**Exercise objective**. When you transcribe the entries below, begin at their first line and stop after the line containing "O2Clipsでは、下記の期間をGW休業日といたします。"; pictures stay out.

**Data extract**.
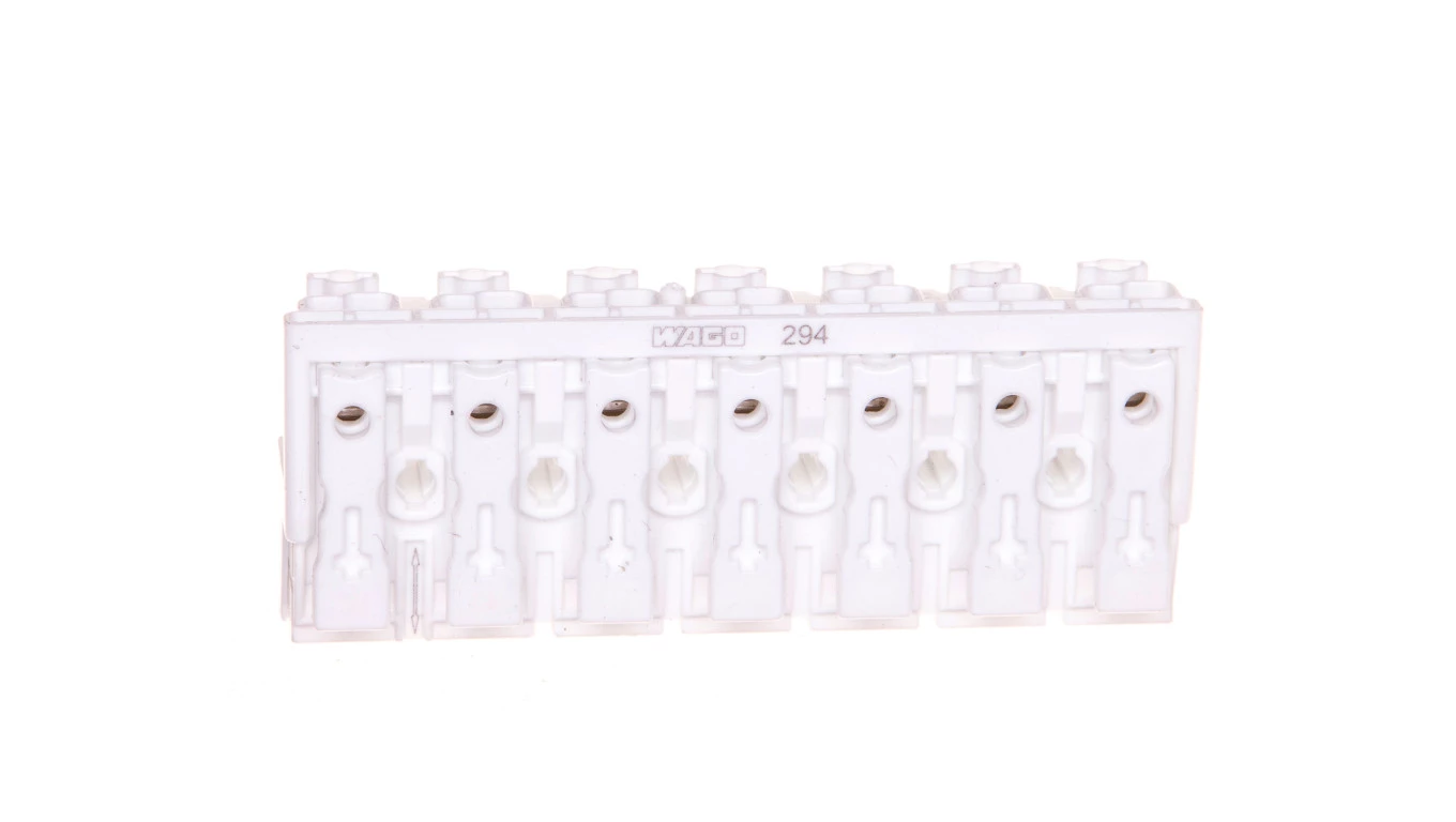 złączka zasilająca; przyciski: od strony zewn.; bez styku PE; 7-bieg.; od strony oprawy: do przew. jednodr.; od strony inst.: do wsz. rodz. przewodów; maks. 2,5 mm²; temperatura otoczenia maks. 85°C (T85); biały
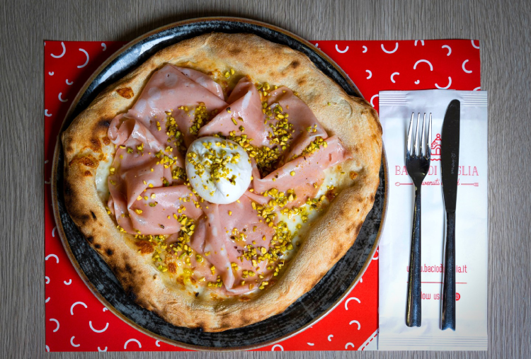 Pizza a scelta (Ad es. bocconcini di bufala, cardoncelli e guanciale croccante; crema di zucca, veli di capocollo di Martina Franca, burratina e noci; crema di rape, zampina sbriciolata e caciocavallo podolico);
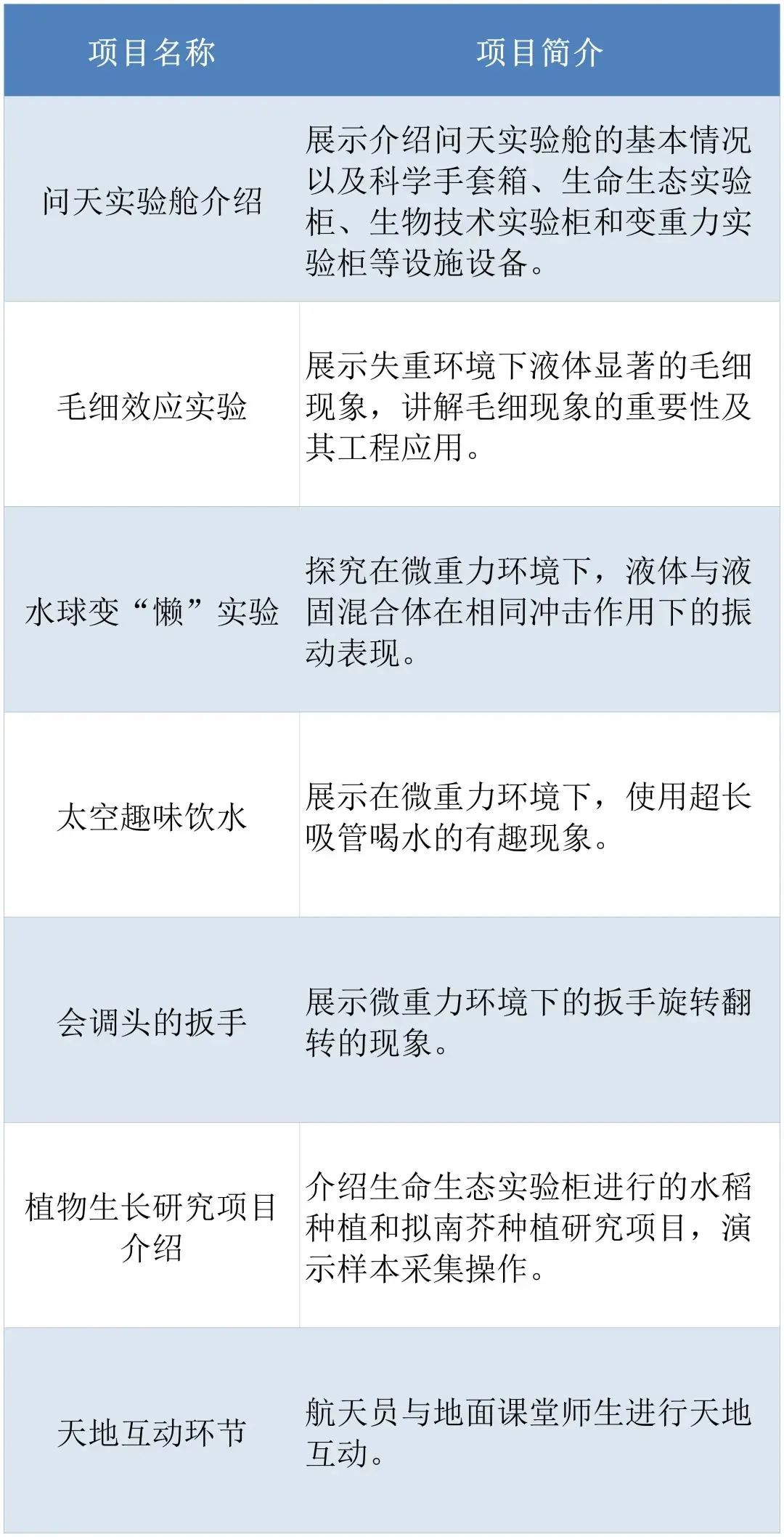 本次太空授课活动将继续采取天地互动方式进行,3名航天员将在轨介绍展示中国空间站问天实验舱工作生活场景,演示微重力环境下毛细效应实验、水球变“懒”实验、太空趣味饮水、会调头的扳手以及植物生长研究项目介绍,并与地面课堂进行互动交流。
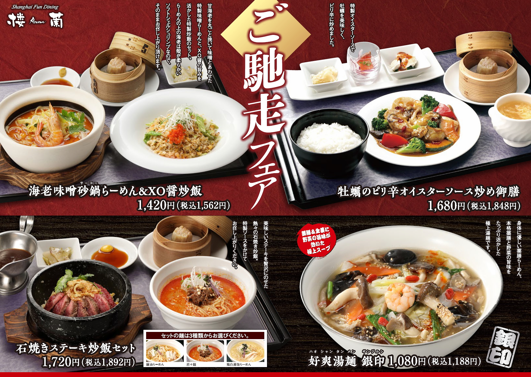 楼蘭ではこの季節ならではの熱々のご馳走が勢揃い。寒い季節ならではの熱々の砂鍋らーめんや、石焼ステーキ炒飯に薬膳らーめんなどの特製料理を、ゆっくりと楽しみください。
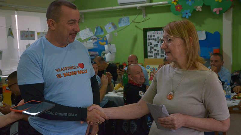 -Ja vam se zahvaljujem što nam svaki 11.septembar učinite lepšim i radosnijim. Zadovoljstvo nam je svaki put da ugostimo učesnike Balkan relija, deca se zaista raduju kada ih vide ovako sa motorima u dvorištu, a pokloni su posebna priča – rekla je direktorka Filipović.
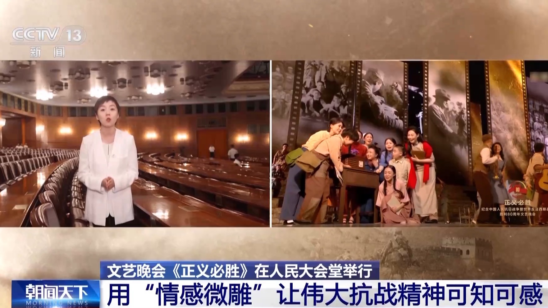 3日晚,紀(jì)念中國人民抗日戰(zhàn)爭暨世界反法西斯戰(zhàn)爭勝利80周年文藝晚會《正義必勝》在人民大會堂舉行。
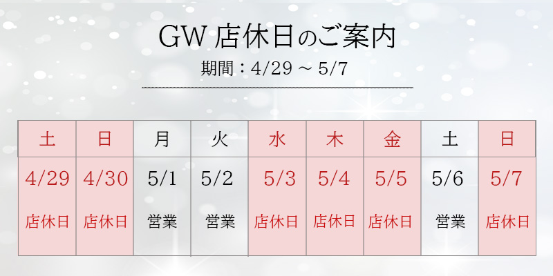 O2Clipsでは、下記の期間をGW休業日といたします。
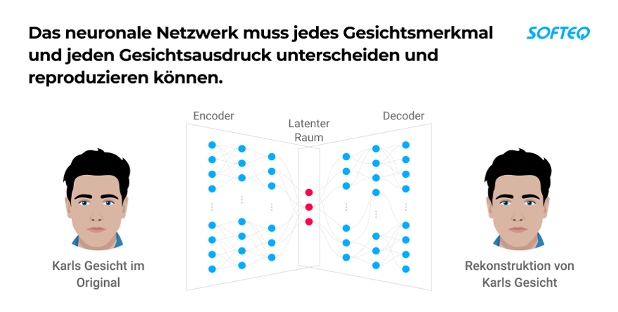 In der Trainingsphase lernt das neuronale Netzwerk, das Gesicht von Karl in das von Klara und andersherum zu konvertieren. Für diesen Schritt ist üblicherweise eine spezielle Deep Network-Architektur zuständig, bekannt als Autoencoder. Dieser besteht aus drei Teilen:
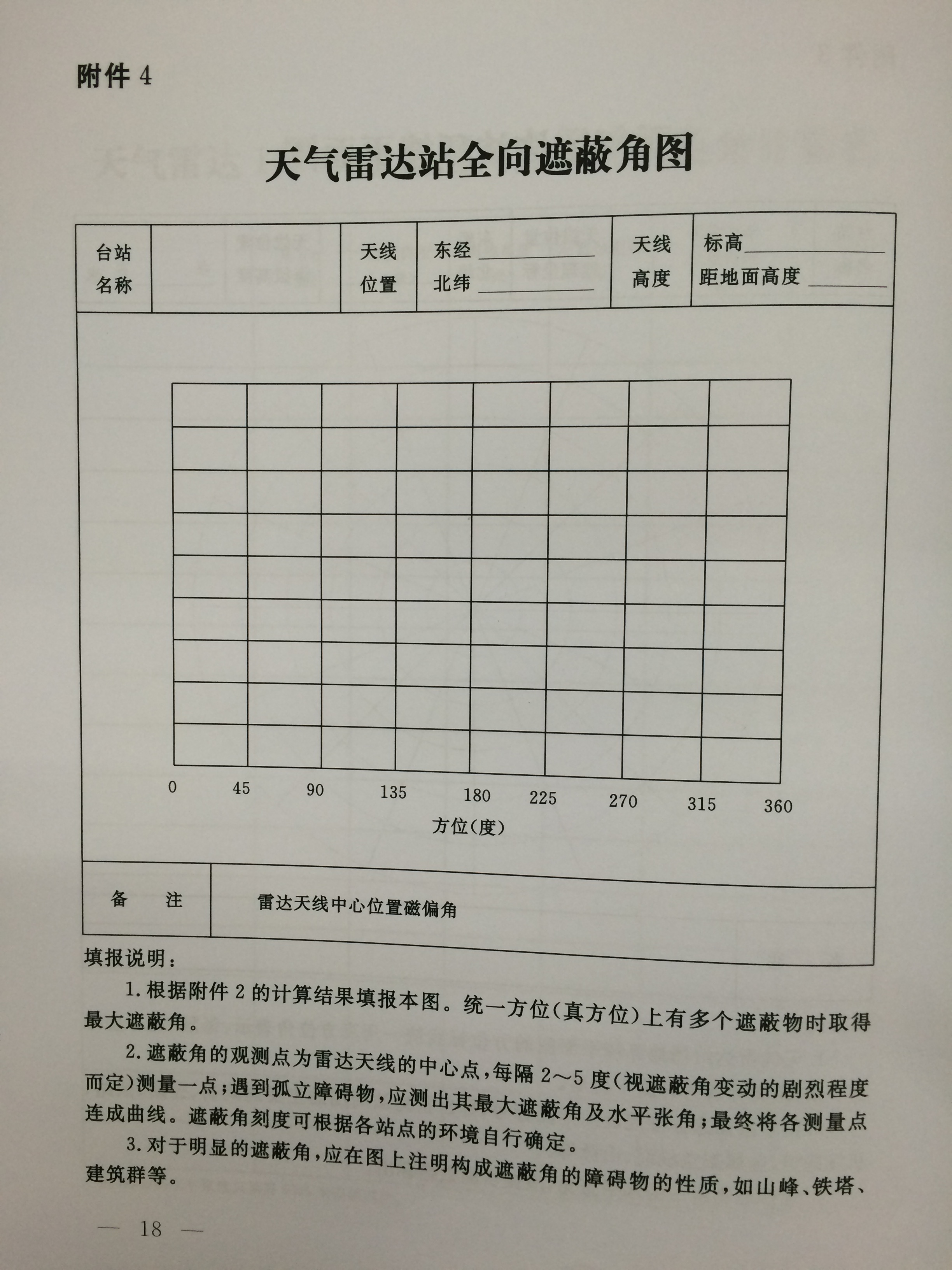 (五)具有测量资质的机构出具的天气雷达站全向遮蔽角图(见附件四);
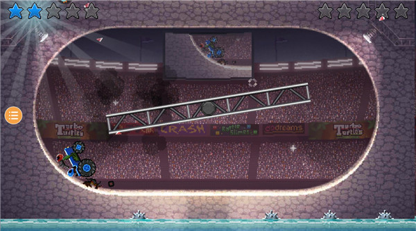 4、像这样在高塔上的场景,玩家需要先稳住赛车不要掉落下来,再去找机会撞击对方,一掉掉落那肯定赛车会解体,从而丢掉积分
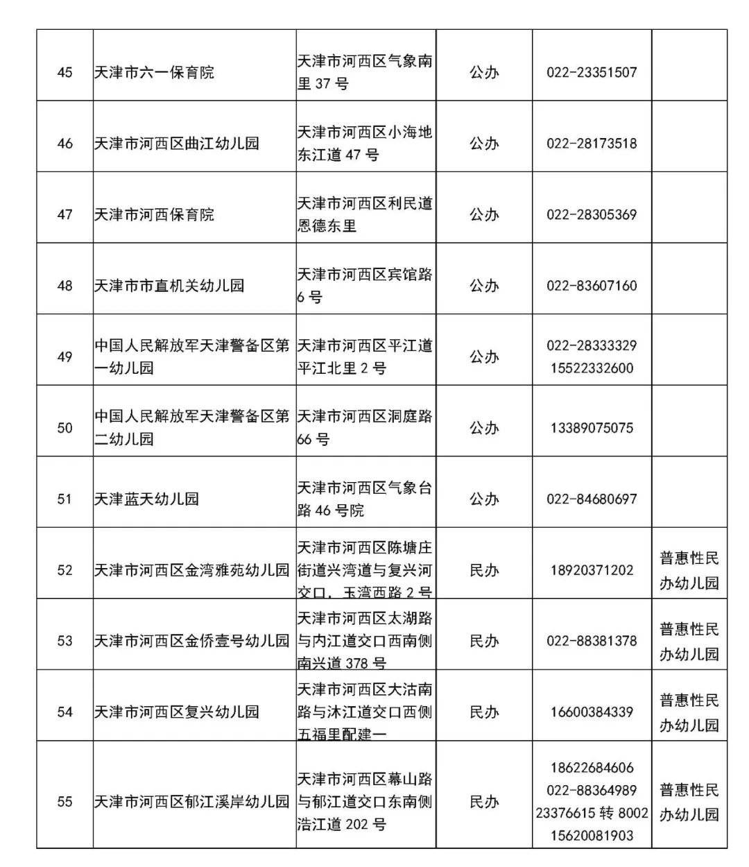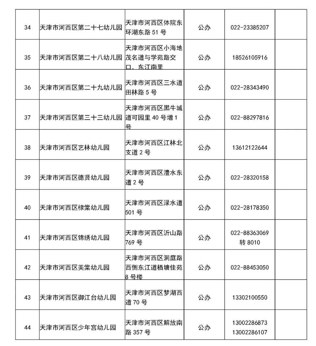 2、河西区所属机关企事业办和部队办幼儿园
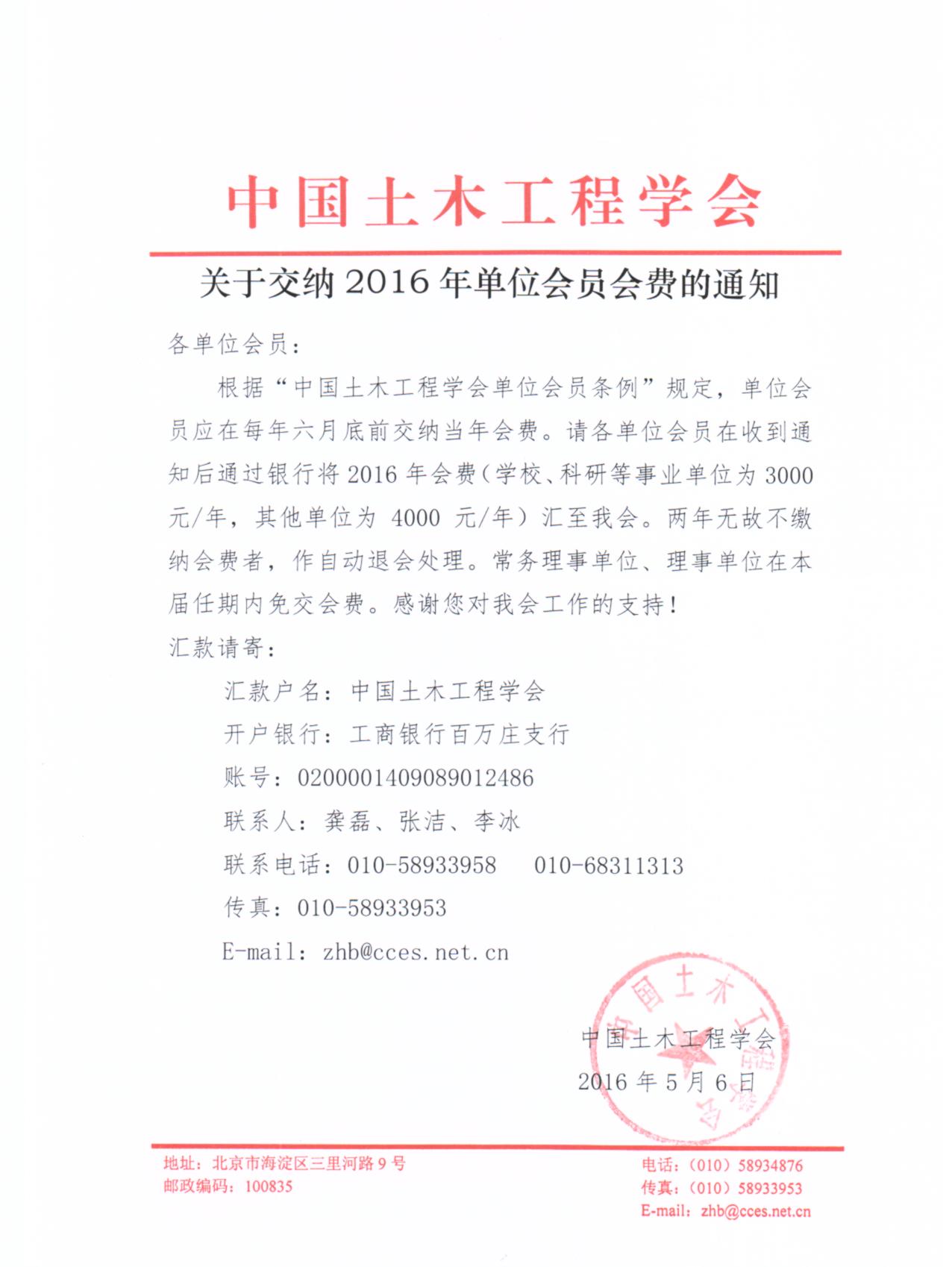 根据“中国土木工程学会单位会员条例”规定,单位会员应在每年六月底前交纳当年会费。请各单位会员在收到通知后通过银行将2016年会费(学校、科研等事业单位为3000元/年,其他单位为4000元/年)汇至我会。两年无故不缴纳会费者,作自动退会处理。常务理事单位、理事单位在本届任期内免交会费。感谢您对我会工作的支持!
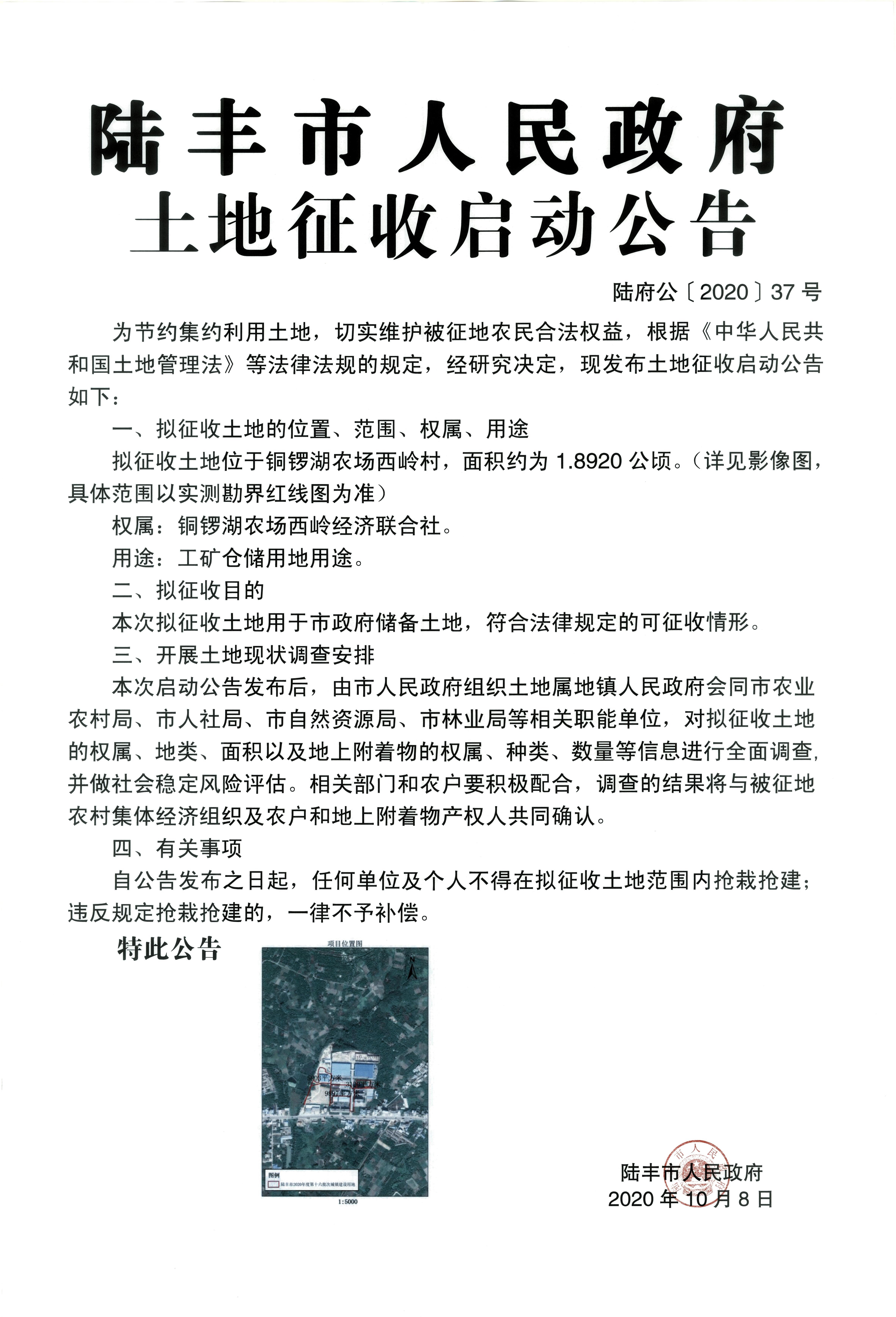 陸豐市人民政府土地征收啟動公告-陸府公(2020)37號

**Problem solution**.
 złączka zasilająca; przyciski: od strony zewn.; bez styku PE; 7-bieg.; od strony oprawy: do przew. jednodr.; od strony inst.: do wsz. rodz. przewodów; maks. 2,5 mm²; temperatura otoczenia maks. 85°C (T85); biały
 Pizza a scelta (Ad es. bocconcini di bufala, cardoncelli e guanciale croccante; crema di zucca, veli di capocollo di Martina Franca, burratina e noci; crema di rape, zampina sbriciolata e caciocavallo podolico);
 本次太空授课活动将继续采取天地互动方式进行,3名航天员将在轨介绍展示中国空间站问天实验舱工作生活场景,演示微重力环境下毛细效应实验、水球变“懒”实验、太空趣味饮水、会调头的扳手以及植物生长研究项目介绍,并与地面课堂进行互动交流。
 楼蘭ではこの季節ならではの熱々のご馳走が勢揃い。寒い季節ならではの熱々の砂鍋らーめんや、石焼ステーキ炒飯に薬膳らーめんなどの特製料理を、ゆっくりと楽しみください。
 -Ja vam se zahvaljujem što nam svaki 11.septembar učinite lepšim i radosnijim. Zadovoljstvo nam je svaki put da ugostimo učesnike Balkan relija, deca se zaista raduju kada ih vide ovako sa motorima u dvorištu, a pokloni su posebna priča – rekla je direktorka Filipović.
 3日晚,紀(jì)念中國人民抗日戰(zhàn)爭暨世界反法西斯戰(zhàn)爭勝利80周年文藝晚會《正義必勝》在人民大會堂舉行。
 O2Clipsでは、下記の期間をGW休業日といたします。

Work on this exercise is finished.